Amid debate over what to do about Faneuil Hall and its problematic past, a memorial has been proposed for the landmark that would call attention to its namesake’s dark legacy in the slave trade.
WGBH reports the city is reviewing a proposal from Steven Locke, a professor at the Massachusetts College of Art and Design, for a memorial that would constitute two rectangles, meant to evoke slave auction blocks, which would be heated to 98.6 degrees to mimic the body temperature of a human being.
The idea comes amid calls to drop the name “Faneuil” from the building, which have gained momentum this year amid a nationwide conversation about whether landmarks to slave owners and defenders of slavery should remain, which in this case has put Boston’s mayor at odds with activists.

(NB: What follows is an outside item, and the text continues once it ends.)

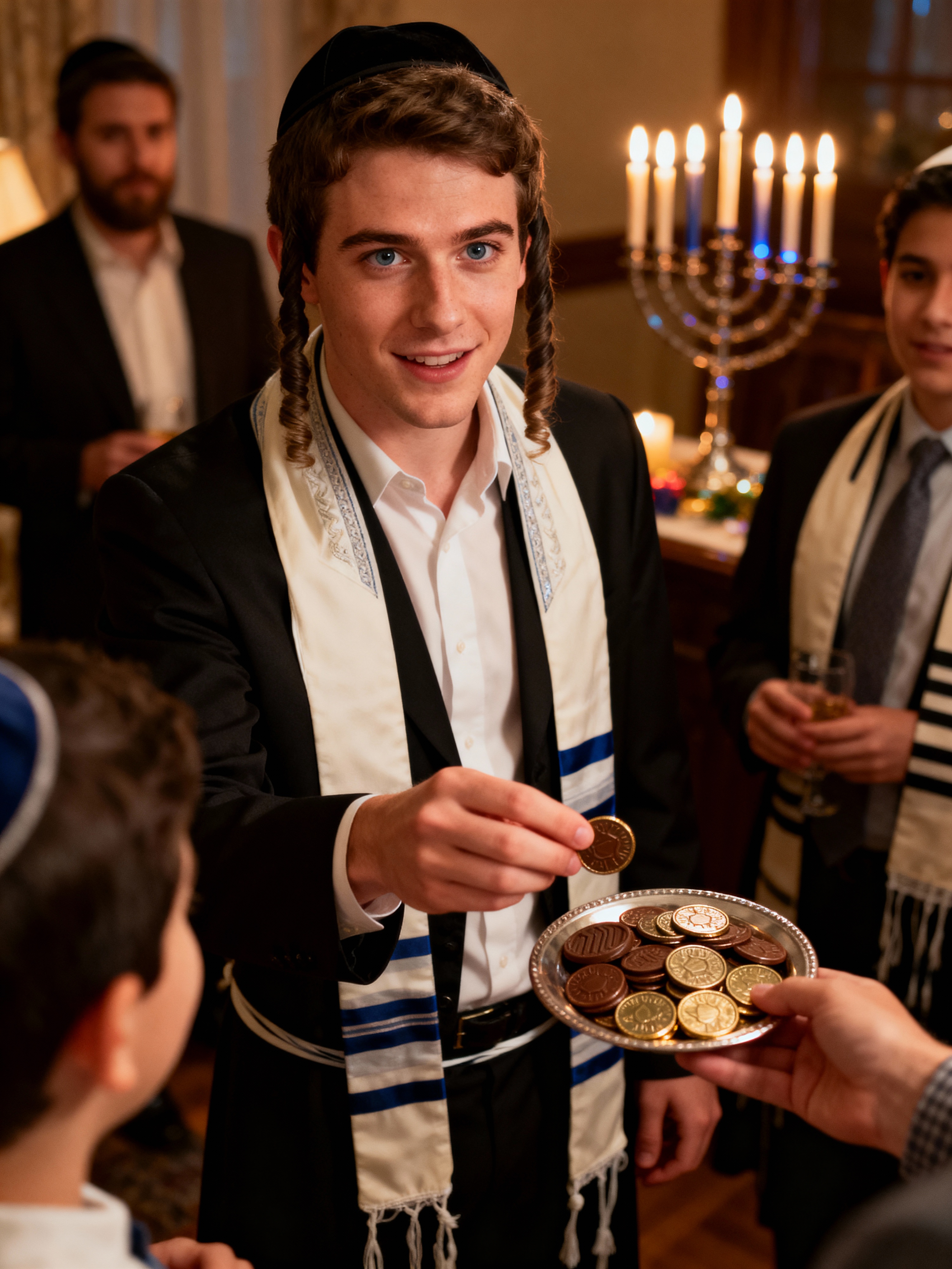 a model in traditional attire during Hanukkah, sharing gelt chocolate coins with guests, capturing the generous and family-oriented spirit of the Festival of Lights

In June, a group of activists and faith leaders formally called for the building to be renamed, pointing to the fact that Peter Faneuil both owned and trafficked in slaves—a business that contributed to the wealth he would eventually donate to help build it in 1742. They had suggested naming the building after Crispus Attucks, the black man famously killed in the Boston Massacre. “Our call is clear and has been consistent for more than a year now,” Kevin Peterson, founder of the New Democracy Coalition, said in a statement last month. “Faneuil Hall insults the dignity of blacks and all Americans who believe in the civic dignity of all and who want to be availed to our nation’s full history — not half truths and prevarications.”
The renaming effort follows a successful campaign to remove the name Yawkey Way from the street outside Fenway Park, in light of Red Sox owner Tom Yawkey’s legacy of overseeing the last team in the majors to integrate. But resistance to renaming Faneuil Hall, which remains one of the nation’s best-known and most-visited historic landmarks, has been formidable. Boston Mayor Marty Walsh has dismissed the idea. “We are not going to change the name of Faneuil Hall,” he said on Boston Public Radio last year.

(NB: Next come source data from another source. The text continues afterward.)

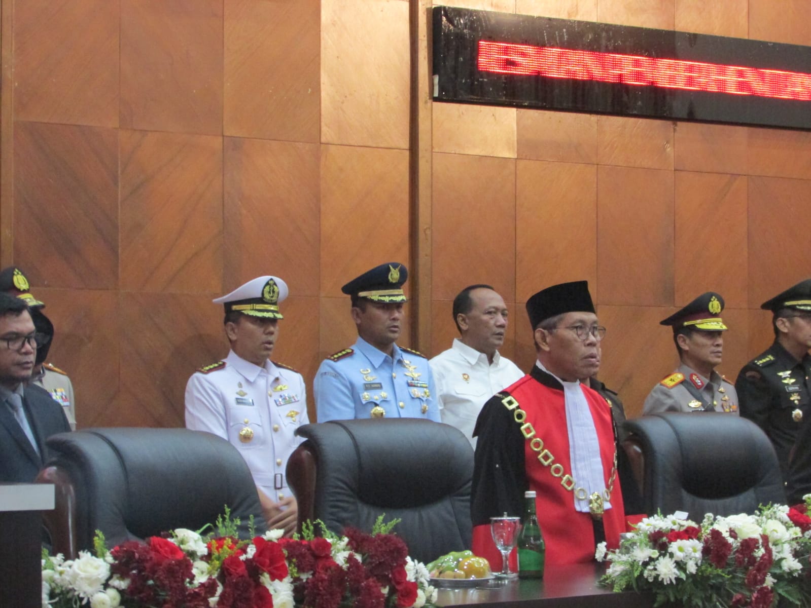 TNI AL, Sabang,- Komandan Lanal Sabang (Danlanal Sabang) Kolonel Laut (P) Gita Muharam, M.Sc., beserta Unsur Forkopimda Provinsi Aceh menghadiri Rapat Paripurna Dewan Perwakilan Rakyat Aceh Tahun 2024 dengan agenda Peresmian Pemberhentian Anggota Dewan Perwakilan Rakyat Aceh Masa Jabatan 2019-2024 dan Pengucapan Sumpah Anggota Dewan Perwakilan Rakyat Aceh Masa Jabatan 2024-2029, dengan pimpinan rapat Zulfadli, A.Md., selaku Ketua DPRA Sementara, bertempat di Ruang Rapat DPRA,
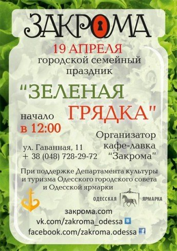 "Зеленая грядка" (линк на facebook.com/events/271184229725614/) – отличный старт выходных!
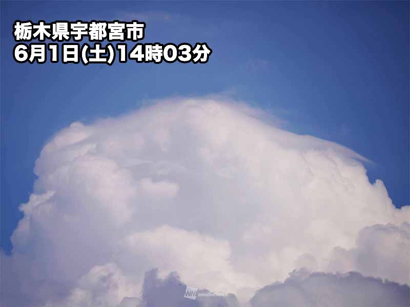 宇都宮市からは「頭巾雲」の報告が到着しました。「頭巾雲」とは「ベール雲」とも呼ばれ、入道雲の上部にかかるベールのような薄い雲を指します。発達している最中の入道雲(雄大積雲)の雲頂付近にできる雲で、頭巾雲が発生するということは、雲が強い上昇流を伴って急成長している証拠になります。

Walsh, however, appears to embrace the idea of adding a memorial to the site. “I think there’s an opportunity with the Slave Auction Block Memorial … to actually tell us what happened at Faneuil Hall, but also tell us what happened after slavery at Faneuil Hall,” Walsh, again appearing on Boston Public Radio, said Friday.
Locke, the artist, has some experience in this realm. Another memorial designed by Locke was recently featured at the Isabella Stewart Gardner Museum. Called Three Deliberate Grays for Freddie Gray, the piece is in memory of the 25-year-old who died in the custody of Baltimore police in 2015.